Dünyanın en Naif, en ince ve narin varlığı kadın olduğu halde en çok horlanan, zulme ve haksızlığa uğrayan, istismar edilen varlık yine kadındır. Her kelime ve ismin bir arka planı olduğu gibi kadın için isim olarak kullanılan kelimeler de aslında kadına bakış açısını ve yaklaşımını ele vermektedir. Batı dilinde kadın anlamına gelen “Femina” kelimesi Latincede ki “Fe minus” kelimesinden gelmektedir ki, bu da “inancı az ve itikadi zayıf” anlamına gelmektedir (Matter, 2006:137). Batı insanının inanç ve fikir derinliklerinde kadın, meselesinde daima erkekten daha zayıf olarak yer almıştır. Batı dünyasının kadını zayıf gören ve aşağılayan bu anlayışını, dini metinler de desteklemiştir. Tevrat’ta Hz. Adem’in “karısının sözünü dinlediği” için Cennetten kovuldu ve bu yüzden yeryüzünün lanetlendiği anlatılmaktadır (Eski Ahit, Tekvin, 3/17). Tevrat’ta itikadi zayıf olan Hz. Havva, şeytana uymuş ve Hz Adem’i de o kandırmıştır; bu yüzden lanetlenerek yeryüzüne gönderilmiştir.

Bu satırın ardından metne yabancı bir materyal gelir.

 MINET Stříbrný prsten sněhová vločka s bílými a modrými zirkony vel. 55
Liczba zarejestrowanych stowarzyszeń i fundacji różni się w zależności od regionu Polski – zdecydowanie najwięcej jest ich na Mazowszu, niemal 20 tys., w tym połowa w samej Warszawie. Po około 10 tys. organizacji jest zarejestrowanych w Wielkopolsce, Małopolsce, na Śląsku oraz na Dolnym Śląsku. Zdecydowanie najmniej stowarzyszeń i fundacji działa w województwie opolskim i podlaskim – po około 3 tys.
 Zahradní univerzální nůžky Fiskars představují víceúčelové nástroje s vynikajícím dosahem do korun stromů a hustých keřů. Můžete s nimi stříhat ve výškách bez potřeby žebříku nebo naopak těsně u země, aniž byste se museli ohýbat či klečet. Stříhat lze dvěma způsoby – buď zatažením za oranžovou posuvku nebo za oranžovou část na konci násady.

Kadının onurunu zedeleyen aynı anlayış, İncil’de de tekrarlanır: “ve Adem aldanmadı fakat kadın aldanarak suça düştü.” ( Yeni Ahit, Timoteosa 1. Mektuplar 2/14). Şeytana uyan yine inancı az, itikadı zayıf olan Hz. Hava’dır, Hz Adem’i de o yoldan çıkarmıştır. İlk suça bulaşan kadın, Batı insanının gözünde ve inancında çoğu zaman suçlu bir varlık muamelesi görmüştür. Bu yüzden Yahudilerde kadınlar kutsal mekanlara sokulmamışlar ve Hıristiyanlarda da belli bir süre İncil’e dokunmamışlardır.

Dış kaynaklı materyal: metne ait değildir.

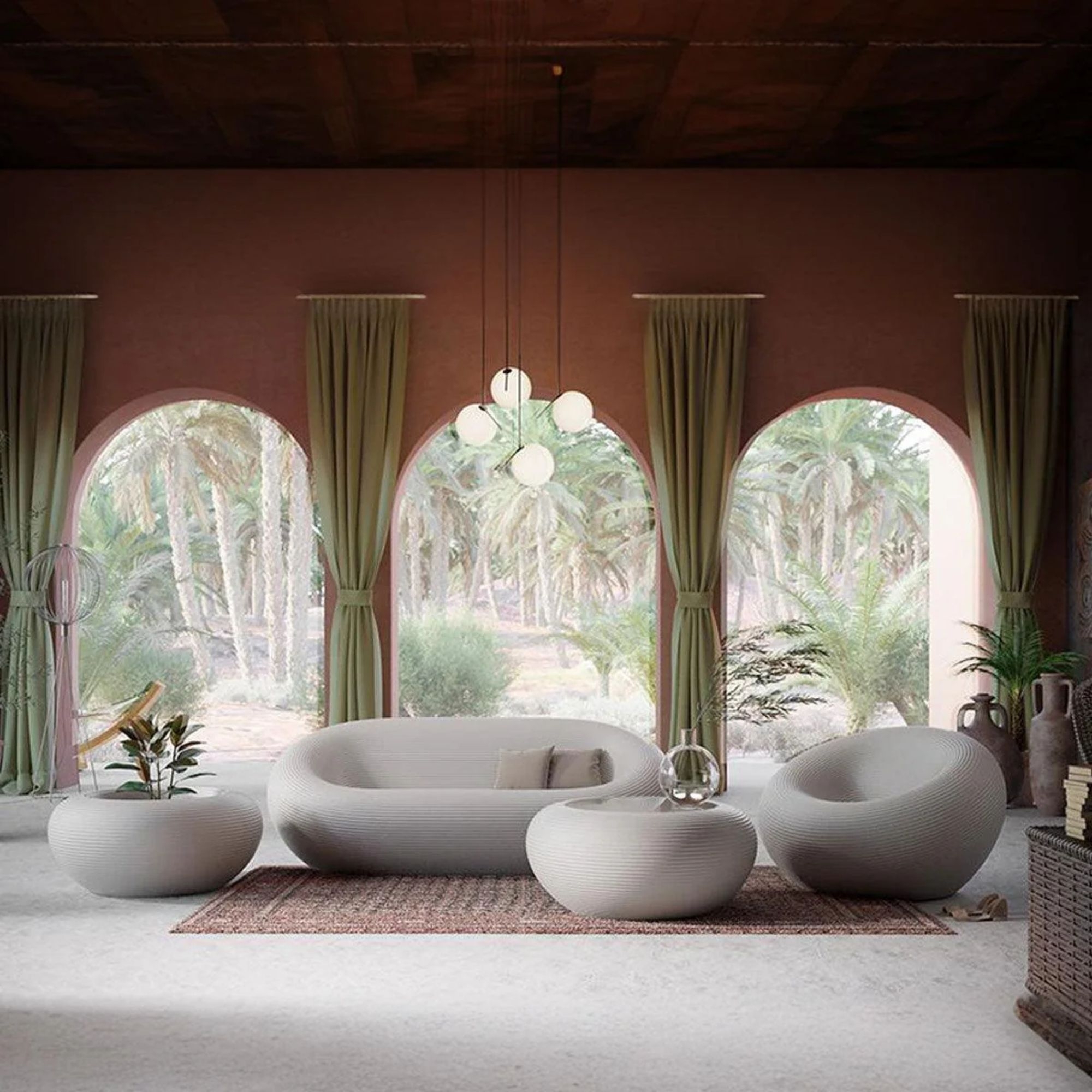 The Nami Mix Outdoor Low Table is an extraordinary work of art created by Qeeboo, entirely made of recyclable polyethylene, a material that guarantees weather resistance, versatility, and durability, making it ideal for outdoor environments as well. This splendid table features a unique design, achieved through the rotation of a section along the diagonal axis, and boasts a perfectly circular shape where the moldings on its surface extend from the center towards the edges in a sequence of concentric rings. Available in three wonderful shades, it easily adapts to any context and decorating style: whether it is located in a living room with a minimalist design or on a modern terrace, the Nami Mix Outdoor Low Table brings a sense of luxury and tranquility to any setting. Additionally, the ease of maintenance is a strength that makes this table not just an object with a lasting aesthetic value, but also a functional and cutting-edge product. Choose this incredible sculpture, a hymn to creativity and comfort, for yourself too. Designed by Stefano Giovannoni for Qeeboo.

Bütün bunlarla birlikte İslam gelince kadın olsun erkek olsun herkese hak ettiği onuru ve değeri vermiştir. İslam dini gerek Kur’an’da olsun, gerek peygamber efendimiz (S.A.V)’in hadislerinde olsun, gerekse de efendimiz (S.A.V)’in uygulamalarında olsun insandan bahsederken hiçbir şekilde cinsiyet ayrımı yapmamış, insan olarak bahsedip muhatap almıştır. Kadın ve erkek olarak her birine ayrı görev ve sorumluluklar vermiştir. Dolayısıyla ne Kadın erkekten daha düşüktür, ne de erkek kadından daha üstündür ikisi de bir bütünü tamamlayan bütünün diğer yarısıdır. Yüce Rabbimiz bunu şu şekilde ifade etmektedir. “Ey insanlar Şüphesiz sizi bir erkekle bir dişiden yarattık, tanışasınız diye sizi kavim ve kabilelere ayırdık, Allah katında en değerli olanınız ona itaatsizlikten en fazla sakınanınızdır. Allah her şeyi hakkıyla bilmektedir, her şeyden haberdardır.” (Hucurat, 13). Bu ayette de görüldüğü gibi cinsler arasında yaratılış itibari ile herhangi bir üstünlük söz konusu değildir, üstünlük ancak takva iledir. Allah, “Erkek olsun kadın olsun, kim inanmış bir insan olarak dünya ve ahirete yararlı işler yaparsa kesinlikle ona güzel bir hayat yaşatacağız ve böylelerinin ecirlerini de muhakkak surette yapmış olduklarının daha güzeliyle vereceğiz.” (Nahl, 97), buyuruyor. Peygamber efendimiz (S.A.V.) de, “Sizin en hayırlınız hanımlarına karşı en iyi davrananınızdır.” (Tirmizi, Rada;11, İbn Mace, Nikah,50). Gerçek manada iman etmiş ve imanının gereğini yapan birini kadına farklı bir gözle bakması düşünülemez. Çünkü bunun günah ve Allah’ı hoşnut etmeyen bir davranış olduğunu bilir. Oysaki mü’min’in dünyadaki tek amacı ve gayreti rabbini memnun etmektir.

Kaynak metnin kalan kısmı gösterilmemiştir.